La democracia colombiana padece una enfermedad crónica que hemos normalizado: el síndrome del péndulo. Cada cuatro años, los electores castigan al gobierno saliente, no necesariamente por ofrecer una alternativa superior, sino simplemente por ser diferente.
Este mecanismo, que se repite desde la apertura democrática, genera un ciclo perverso donde cada administración dedica buena parte de su energía a desmantelar lo anterior, en lugar de construir hacia adelante. Las elecciones de 2026 representan una oportunidad histórica para romper este patrón destructivo, pero solo si los colombianos logran trascender el voto reactivo.
El investigador político Guillermo O’Donnell documentó cómo los gobiernos que llegan al poder por rechazo al anterior tienden a sufrir de fragilidad institucional. No poseen un mandato positivo claro, sino simplemente un voto negativo. Esto explica por qué tantos gobiernos latinoamericanos, después de prometer transformación, terminan en desencanto. La legitimidad construida sobre la negación es inherentemente inestable.
Argentina experimentó esto dramáticamente durante las últimas dos décadas: ciudadanos votaban alternativamente por peronistas y antiperonistas, nunca por un proyecto coherente. El resultado fue inflación crónica, volatilidad económica y deterioro institucional. Cada nuevo gobierno se preguntaba no qué quería construir, sino qué del anterior debía destruir.

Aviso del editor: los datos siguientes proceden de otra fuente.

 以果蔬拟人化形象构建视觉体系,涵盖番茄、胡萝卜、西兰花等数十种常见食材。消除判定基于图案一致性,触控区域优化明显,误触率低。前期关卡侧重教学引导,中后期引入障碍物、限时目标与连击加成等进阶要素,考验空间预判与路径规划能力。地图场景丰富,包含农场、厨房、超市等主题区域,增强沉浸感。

Colombia no debe repetir esta tragedia. Quien gane en 2026 recibirá un país donde las decisiones desacertadas de los últimos años se han sedimentado en la institucionalidad. El gasto corriente ha crecido desproporcionadamente; los arreglos políticos perpetúan clientelismos; la burocracia estatal responde a lógicas de poder, no de eficiencia.
Desmantelar esto requiere no solo voluntad política, sino también una visión clara de qué construir en su lugar. Un presidente elegido únicamente por «no ser Petro» carecerá de esa visión. Enfrentará presiones contradictorias de su coalición electoral basada únicamente en el rechazo y se verá tentado a improvisar. En cuatro años estará tan desgastado que los votantes, desesperados por algo diferente, volverán a girar la rueda.
Aquí es donde el Congreso se vuelve decisivo. Los países que han logrado romper ciclos de volatilidad política lo han hecho con parlamentos que funcionan como guardianes de proyectos de largo plazo. Cuando el Congreso es competente y representa genuinamente intereses diversos, puede resistir los impulsos destructivos de un ejecutivo desorientado y proteger avances institucionales valiosos.
Por el contrario, cuando el Congreso está colonizado por oportunistas, se convierte en un mercado de votos donde el ejecutivo compra lealtad destruyendo recursos públicos. Colombia necesita elegir 188 congresistas que entiendan esto: que su rol es construir instituciones, no simplemente disputar poder.
Chile ofrece una lección instructiva. Después de la transición democrática de 1990, los gobiernos chilenos, independientemente de su orientación ideológica, operaron dentro de marcos institucionales básicos que trascendían a los presidentes. Existía consenso sobre ciertas decisiones de Estado: presupuestación disciplinada, independencia del Banco Central, énfasis en educación.
Cuando gobiernos de derecha y de izquierda se alternaban, no empezaban de cero. Esta estabilidad institucional permitió que Chile tuviera un crecimiento más consistente que Colombia durante tres décadas. El costo de los ciclos electorales destructivos es medible: se calcula en puntos de crecimiento económico perdidos, inversión disuadida, talento emigrado.
El argumento sobre la racionalidad del voto no es académico, es pragmático. Un ciudadano que vota por un proyecto de largo plazo, aunque sea imperfecto, protege mejor sus intereses que uno que vota reactivamente.
Si en 2026 Colombia elige un presidente competente y un Congreso excepcional, pero sobre la base de un proyecto coherente que trascienda el rechazo, entonces ese gobierno tendrá legitimidad para tomar decisiones difíciles.
Tendrá el capital político para defender decisiones impopulares ahora si generan beneficios después. Podrá negociar acuerdos institucionales que duren más allá de su mandato.
Los 2026 es cuando Colombia decide si finalmente rompe el péndulo o simplemente lo empuja con más fuerza. La diferencia no es pequeña: es la diferencia entre ser un país en crisis permanente y ser un país en desarrollo. Todo depende de que los electores, por primera vez quizás en generaciones, voten inteligentemente.